Disk snapshots dissapearing #2687

tkald · 2018-12-05T18:57:40Z

Description
Somewhere after upgrade to One 5.6 my vm disk snapshots on Ceph storage started to misbehave.
Previous disk snapshots taken with one 5.4 are overwritten by new snapshots - snapshot index at least starts with zero index angain.
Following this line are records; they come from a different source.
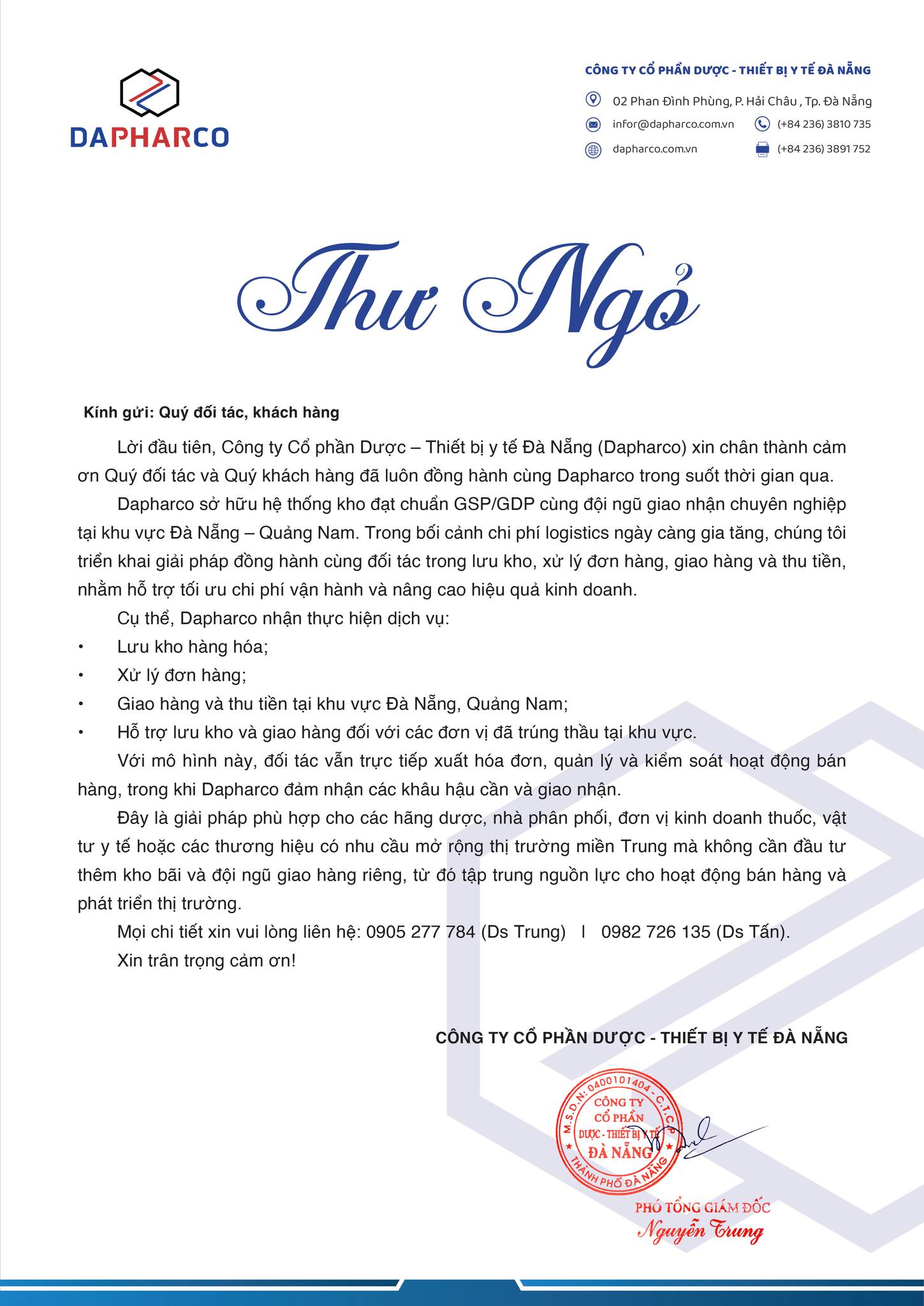 Với hơn 50 năm kinh nghiệm trong lĩnh vực dược phẩm, Công ty Cổ phần Dược – Thiết bị y tế Đà Nẵng (Dapharco) triển khai dịch vụ lưu kho, xử lý đơn hàng, giao hàng và thu tiền dành cho các doanh nghiệp có nhu cầu mở rộng hoạt động kinh doanh tại khu vực miền Trung, đặc biệt là Đà Nẵng và Quảng Nam.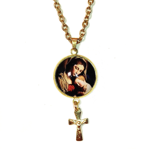 1 kép Szűz Mária medál, Jézus feszület charmmal és nyaklánccal, arany színben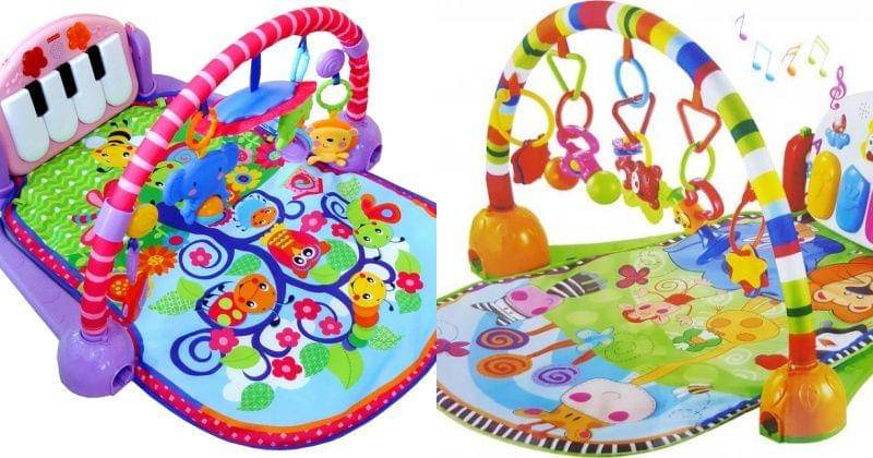 Serupa dengan mainan gantung, baby playgym ini juga berada di atas bayi. Bedanya, posisi mainan yang digantung di playgym dekat dengan dengan bayi. Warna-warni mainan yang digantung akan menarik untuk diraih, sehingga ia bisa melatih gerakan tangannya.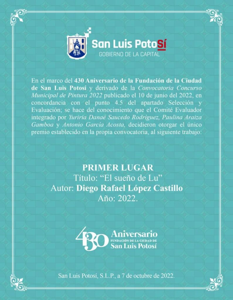 En el marco del 430 Aniversario de la Ciudad de San Luis Potosí y derivado de la Convocatoria Concurso Municipal de Pintura 2022 publicado el 10 de junio del 2022, en concordancia con el punto 4.5 del apartado Selección y Evaluación; se hace del conocimiento que el Comité Evaluador integrado por Yuriria Danaé Saucedo Rodríguez, Paulina Araiza Gamboa y Antonio García Acosta, decidieron otorgar el único premio establecido en la propia convocatoria, al siguiente trabajo: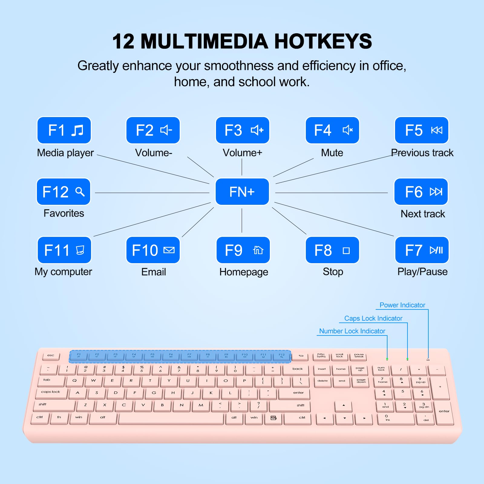 【Less Noise, More Quiet Keys】: Soft membrane keys provide a quiet and comfortable typing experience, So you can type with confidence on a wireless keyboard crafted for comfort, precision and fluidity. The wireless mouse adopts silent micro-motion technology, which is almost completely silent when clicked. No more concerns about disturbing others.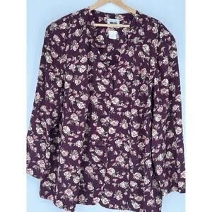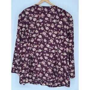 Vintage 80's Leslie Fay button up blouse plus size 22W. The neckline is scalloped around the V-neck creating a very feminine look, rose pattern on a purple background. It is in very good vintage condition, no holes, rips, or stains, the material tag is missing, I am fairly certain this is polyester. The measurements are armpit to armpit is 27", and the length is 31".
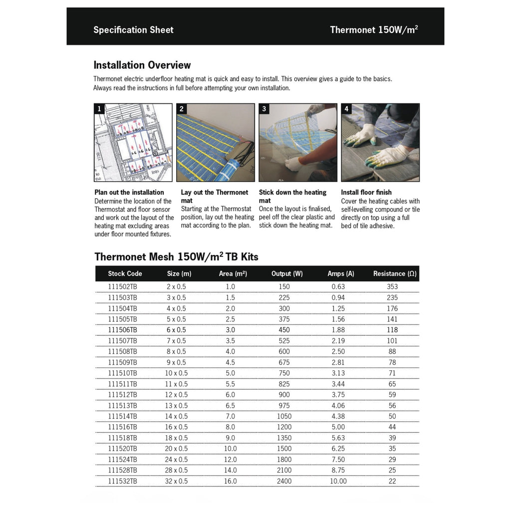 THERMOGROUP THERMONET 150W/M² UNDERTILE HEATING KIT WITH BLACK THERMOSTAT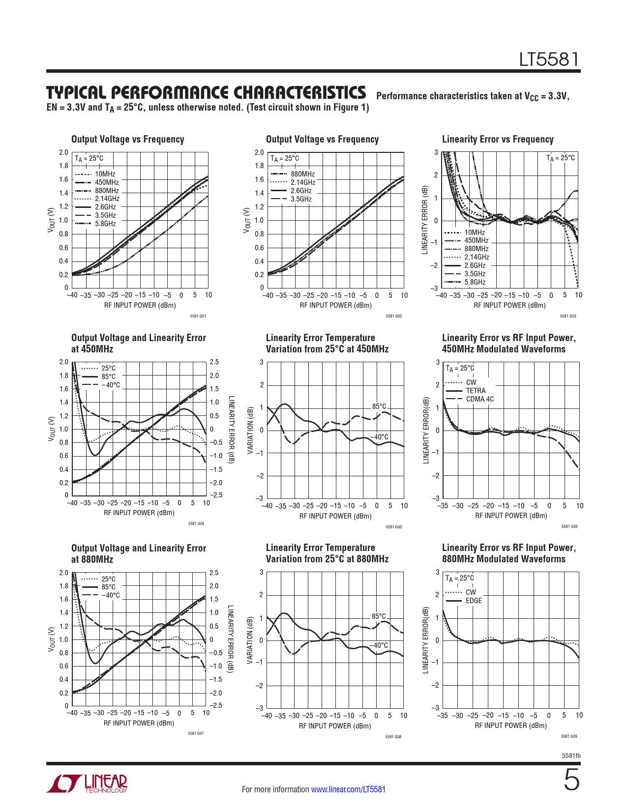 2.0 2.5 3 3 25°C TA = 25°C 1.8 85°C 2.0 CW 1.6 –40°C 1.5 2 2 LINEARITY ERROR (dB) TETRA 1.4 1.0 CDMA 4C 1 85°C 1 1.2 0.5 (V) 1.0 0 0 0 V OUT –40°C 0.8 –0.5 VARIATION (dB) 0.6 –1.0 –1 –1 LINEARITY ERROR(dB) 0.4 –1.5 –2 –2 0.2 –2.0 0 –2.5 –3 –3 –40 –35 –30 –25 –20 –15 –10 –5 0 5 10 –40 –35 –30 –25 –20 –15 –10 –5 0 5 10 –35 –30 –25 –20 –15 –10 –5 0 5 10 RF INPUT POWER (dBm) RF INPUT POWER (dBm) RF INPUT POWER (dBm) 5581 G04 5581 G05 5581 G06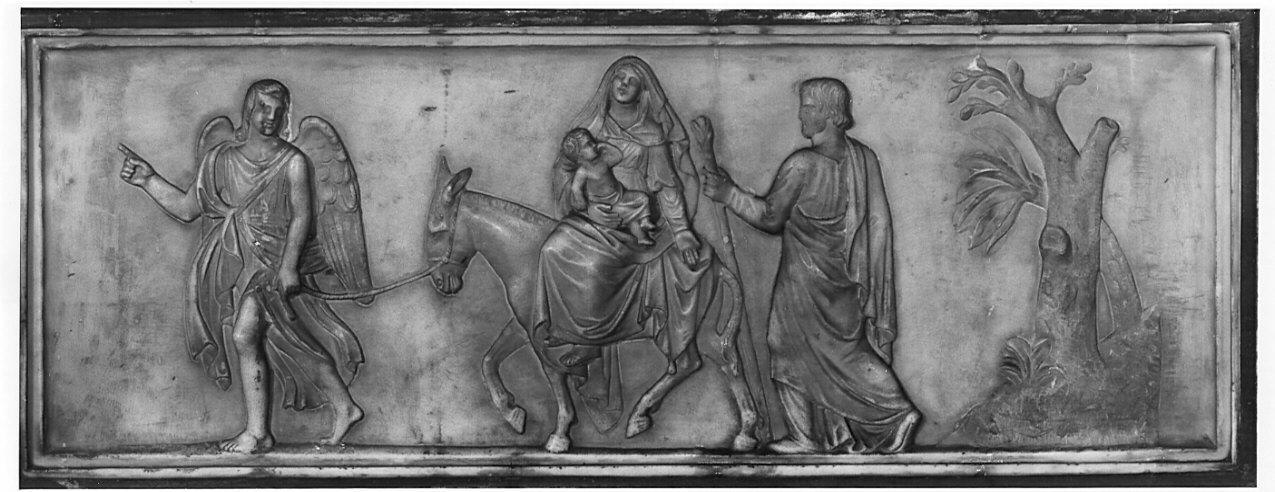 Scultura a bassorilievo. La formella rettangolare raffigura l'episodio della Fuga in Egitto: un angelo guida il somarello su cui siede Maria con il Bambino, mentre San Giuseppe li segue. Sullo sfondo a destra due alberi quintano la scena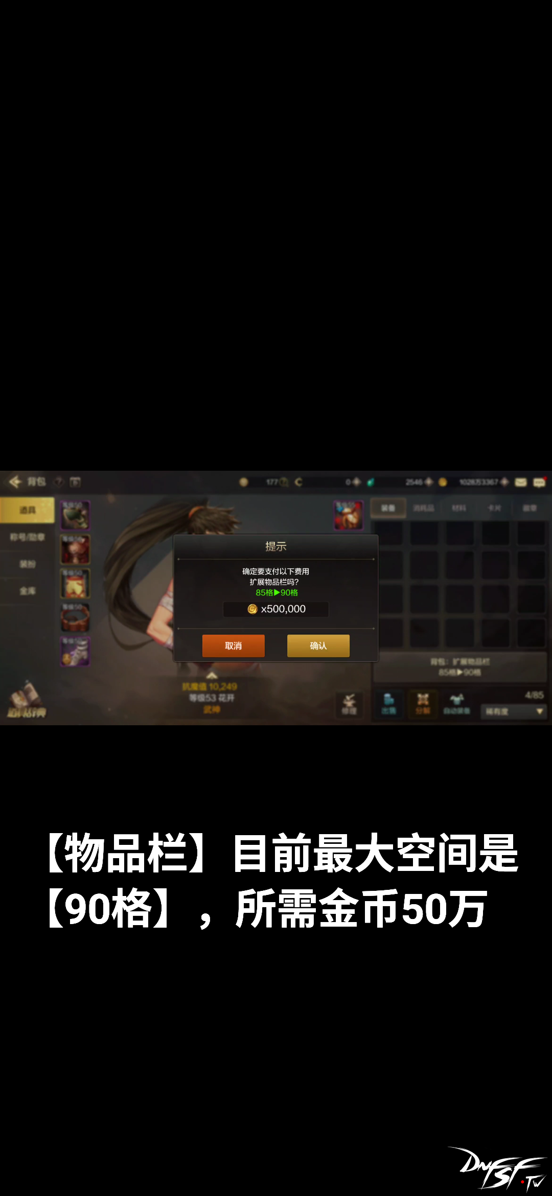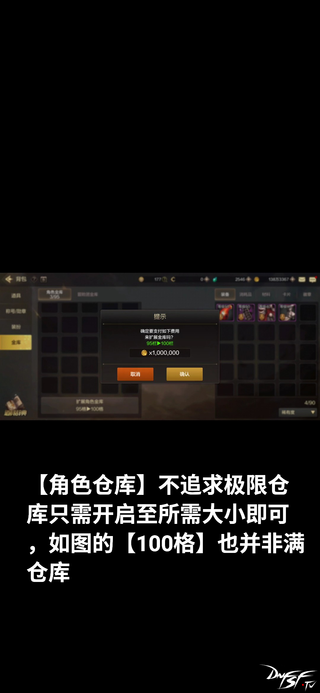 dnf手游物品栏、角色仓库、公共仓库最大空间格数

Sometimes also double snapshot indexes.

Snapshots taken with one 5.2 disappear completely from sunstone if I try to make new snapshot with one 5.6
Before taking a new disk snapshot:

And after

Also I'm unable to take any new disk snapshots on that disk image.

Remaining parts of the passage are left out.